# Exercise set 5

We are going to implement the *cross-entropy* loss ourselves.

## Exercise 5.1 (2 points)

First, we will implement a numerically-stable version of $\log(\text{softmax})(\ldots)$. We will be given an input of shape `(N,C)` corresponding to `N` vectors (e.g., the output of an MLP for `N` inputs) of dimensionality `C`. Class labels will be numbered from `0` to `C-1`. Our vector of *targets* will be of shape `(N,)`.

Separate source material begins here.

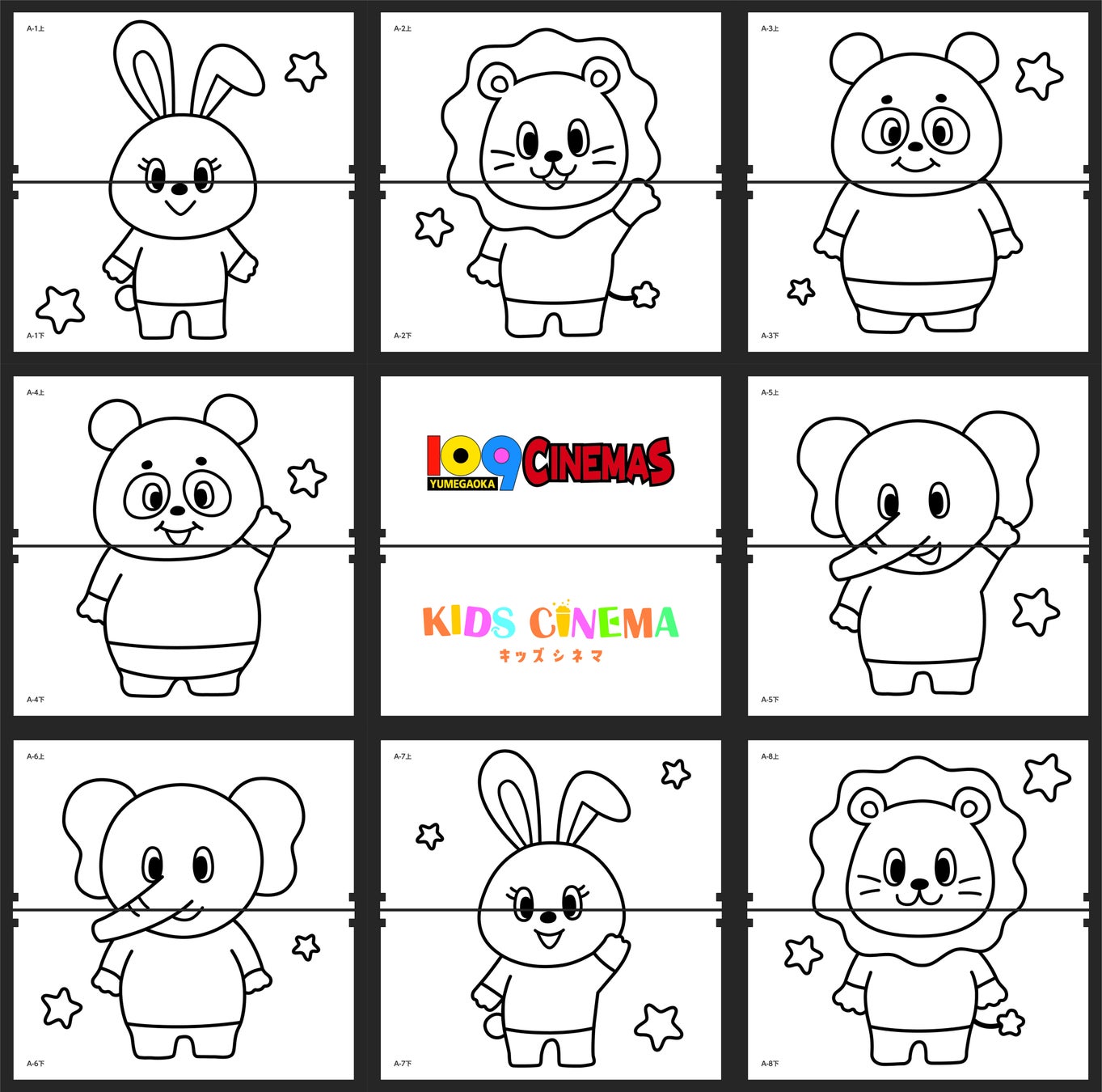 109シネマズゆめが丘の「KIDS CINEMA」前のキッズスペースで、映画鑑賞前にオリジナルキャラクターのぬり絵をしていただくと、上映終了後に自身のぬり絵が「FLAP DISPLAY」に登場します。

Remember that the softmax operator computes for an input $\mathbf{x} \in \mathbb{R}^C$
$$ \text{softmax}(\mathbf{x}) = \left[\frac{ e^{x_1}}{\sum_c e^{x_c}}, \cdots, \frac{e^{x_C}}{\sum_c e^{x_c}}\right]$$

Say the correct label would be at the $i$-th entry, then we need for the **cross-entropy** loss 

$$ -\log(\text{softmax}(\mathbf{x})_i)=  -\log\left( \frac{ e^{x_i}}{\sum_c e^{x_c}
} \right) $$

In particular, the

$$ \log\left(\sum_{c=1}^C e^{x_c}\right) $$

can be problematic. Implement a function `stable_log_softmax` that receives as input the `(N,C)` tensor and returns a tensor of shape `(N,C)` that holds at position `(n,j)` the $\log(\text{softmax}(\mathbf{x_n})_j)$ value. In **Exercise 5.2** (below), we will use this tensor to select the correct entries for computing the **cross-entropy loss**.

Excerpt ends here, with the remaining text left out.